Was reading this article just now, which then directed me to this paper on “the dehumanization of leadership.” The paper speaks to a “disconnect between leaders, people supposed to follow them, and the institutions they’re meant to serve.” (I’ve written a little about this too.) The basic idea is that a senior leader can be instrumental — which means they chase business goals/deliverables — or heroic, which means they chase a vision or bigger idea. (You can also be “post-heroic.”)
If you think that a senior leader can really only be instrumental or heroic, then basically they can either be “super-machines” or “super-humans,” right? And because they fear incompetence (like we all do) and want to hide their flaws, they end up either (a) striving and falling short of either role or (b) taking the safe route every time, which could cripple their org down the line.
Not a good overall situation, but I mean, they are getting paid a lot (usually). So that’s a thing.
This article gives three basic suggestions for what leaders can do to build themselves up and encourage trust:
- Get emotional
- Be whimsical
- Express doubt
I’ve written about all this kind of stuff probably close to 300 times by now, but I couldn’t agree more. For me it comes down to some basic ideas:
- Show some respect for your people.
- Don’t just repeatedly say you’re a transparent culture. Actually be a transparent culture.

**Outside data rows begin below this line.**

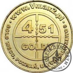 Аверс: В центре ободка стилизованный оптический огнестрельный прицел, с надписями: 4/51 (вверху) / GOLDY (внизу), вокруг полукруглая надпись монета: GOLD WECO, POZNAŃ, UL CHWALISZEWO 9 (снизу) и www. Vmax2.pl (вверху).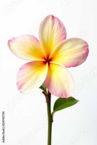 © intothestar, Fototapeta premium Close-up view, single frangipani, creamy yellow & pink, pure white backdrop, close-up, botanical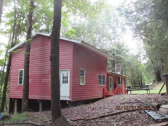 Secluded hunting camp or weekend getaway located on 24.913 wooded acres. Perfect for hunting, recreation, or make it your primary residence. Located in close proximity to Rock Run Recreation Area, State Game Lands, and trout fishing in Chest Creek. Camp features newer two story addition featuring cathedral ceilings, wood burner,bar, and loft bunk area and the original camp consists of a bedroom, kitchen, 3/4 bath, and dining/living room. These properties don't come up often.
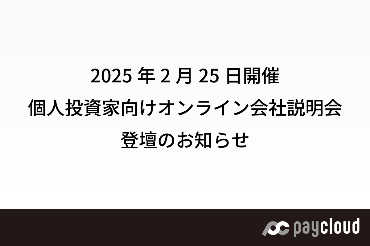 ペイクラウドホールディングス(東京都港区)は2026年2月25日17時から、マネックス証券が運営する個人投資家向けオンライン会社説明会に、執行役員 副社長の井上浩毅氏が登壇します。参加費は無料で、事前申込は不要です。

- Talk about failure more at work.
Here’s what I’ve been thinking more and more in the past couple of years, right? We try to draw this strict line between “how we are with family” and “how we are at work,” but that line doesn’t actually really work that well. We’re still human beings, right? In a relationship — and work is basically just a complex series of relationships anyway — we want certain things, and we don’t necessarily want a different subset of things just because we’re in an office. (I’m not talking about how we behave, which might be different, i.e. “professionalism.”)
So we have this dividing line between “this is work” and “this is life/family,” but we’re still human beings in both situations. So why does the line need to be so stark?
For example, as this marriage research shows, small moments of attachment and intimacy are crucial to sustaining healthy relationships. Essentially, true moments of connection meet your need as a human being. It doesn’t matter if it’s work or family. Honestly. I’m sure most people read studies like this and are like, “Intimacy?!?!? That has no place in the workplace!!!!” Right. Thing is, intimacy doesn’t mean “sex.” They’re actually very different terms. Two men can be intimate. A boss and an employee can be intimate. It’s just a touchpoint of connection.
I guess my broader point here is this: we often think about being “managers” or “leaders” in very deliverable-focused terms, and that makes sense. I’m sure most people who are managers get to work and feel they’re already 14 items behind, with five meetings scheduled for the bulk of the morning. (I don’t feel that way, but I’m someone who has the time to blog at work.) So with deliverables piled to the ceiling, who has time for this soft and fluffy stuff like “being vulnerable?” That’s No. 29 on the list, and the list stops at No. 6 every day, give or take. I understand that.
But if we started thinking of leadership or management as less about heroism or being instrumental and more about a mix of “hitting targets” and “coaching people,” maybe we’d be a little bit better off in terms of how we think about work.